--- START ---

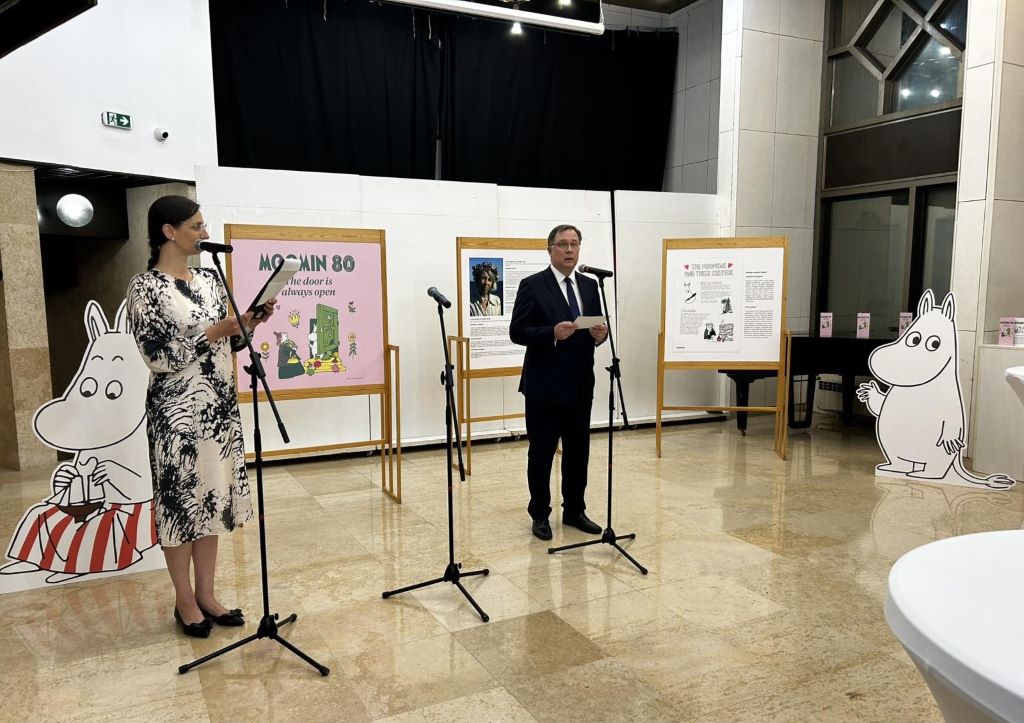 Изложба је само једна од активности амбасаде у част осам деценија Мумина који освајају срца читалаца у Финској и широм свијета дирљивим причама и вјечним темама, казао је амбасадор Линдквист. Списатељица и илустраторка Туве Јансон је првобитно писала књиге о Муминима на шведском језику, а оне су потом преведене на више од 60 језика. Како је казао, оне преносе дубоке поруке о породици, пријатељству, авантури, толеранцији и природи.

--- END ---
--- START ---

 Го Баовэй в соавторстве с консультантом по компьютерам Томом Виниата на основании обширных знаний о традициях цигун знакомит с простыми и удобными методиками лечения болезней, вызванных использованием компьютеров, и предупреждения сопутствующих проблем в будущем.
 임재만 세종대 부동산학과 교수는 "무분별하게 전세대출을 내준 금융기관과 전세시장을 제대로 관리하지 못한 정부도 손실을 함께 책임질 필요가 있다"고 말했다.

--- END ---

What is asked for is an exact copy of the lines above from the one containing "Го Баовэй в" through the one containing "임재만 세종대 부동산학과", and only those.

# The answer
 Го Баовэй в соавторстве с консультантом по компьютерам Томом Виниата на основании обширных знаний о традициях цигун знакомит с простыми и удобными методиками лечения болезней, вызванных использованием компьютеров, и предупреждения сопутствующих проблем в будущем.
 임재만 세종대 부동산학과 교수는 "무분별하게 전세대출을 내준 금융기관과 전세시장을 제대로 관리하지 못한 정부도 손실을 함께 책임질 필요가 있다"고 말했다.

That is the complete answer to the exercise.